Survey of Primary Care Physicians & Patients on Substance Abuse

    Published: May 2000

    Addiction is not often treated within the scope of routine medical practice. CASAColumbia’s national substance use survey is the most comprehensive nationally representative survey of how primary care physicians — family doctors, pediatricians, general practitioners, internists, obstetricians and gynecologists — deal with patients who have substance use problems and the experiences of such patients with their primary care physicians.

    Key Takeaways

    The vast majority (94%) of primary care physicians, excluding pediatricians, failed to diagnose substance use disorder when presented with early symptoms related to alcohol use in an adult patient.

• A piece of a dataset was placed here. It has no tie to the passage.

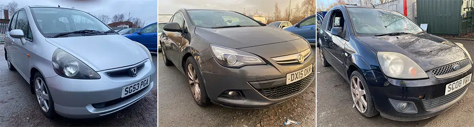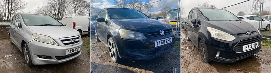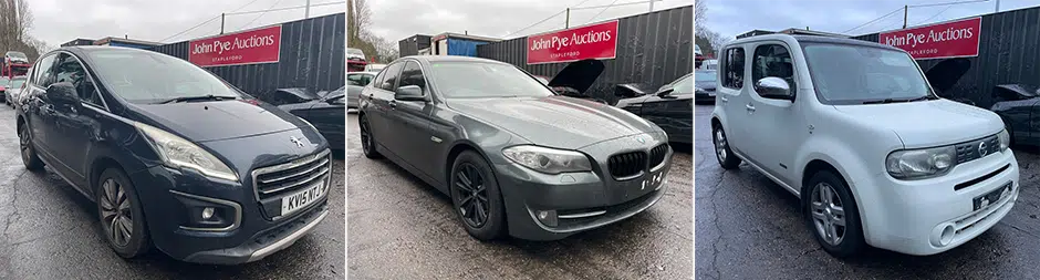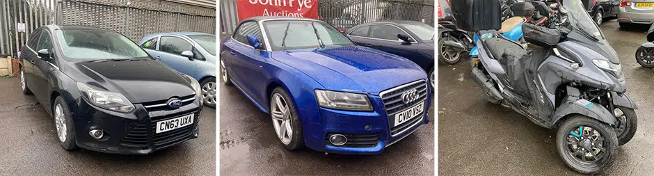 Range of Vehicles available for Public Auction inc. Seized, Bankrupt & Repossessed Vehicles Located Across the UK: Ford, Vauxhall, Fiat, Rover, Alfa Romeo, Nissan, Peugeot, Citroen

Additional findings included the following:

  • 41% of pediatricians failed to diagnose illegal substance use when presented with a classic description of a teenage patient, failing to include substance use among the 5 diagnoses they were asked to suggest.
  • Most patients said their primary care physician did nothing about their addiction.
  • 43% said their physician never diagnosed their addiction.
  • 11% said the physician knew about their addiction but did nothing about it.
  • Less than one-third of primary care physicians carefully screened for substance use disorder.
  • Recommendations

  • Medical schools, residency programs and continuing medical education programs should increase training in substance use.
  • Licensing boards and residency review committees of primary care specialties should mandate strong requirements regarding knowledge of substance use and addiction.
  • Medicare, Medicaid, private insurers and managed care organizations should expand coverage for addiction treatment services and pay physicians to talk to patients about substance use.
  • Primary care physicians should screen their patients for substance use disorder and be responsive to clusters of symptoms that may signal SUD.
  • Primary care physicians should be held liable for negligent failure to diagnose substance use disorder and addiction and should encourage their patients to seek treatment.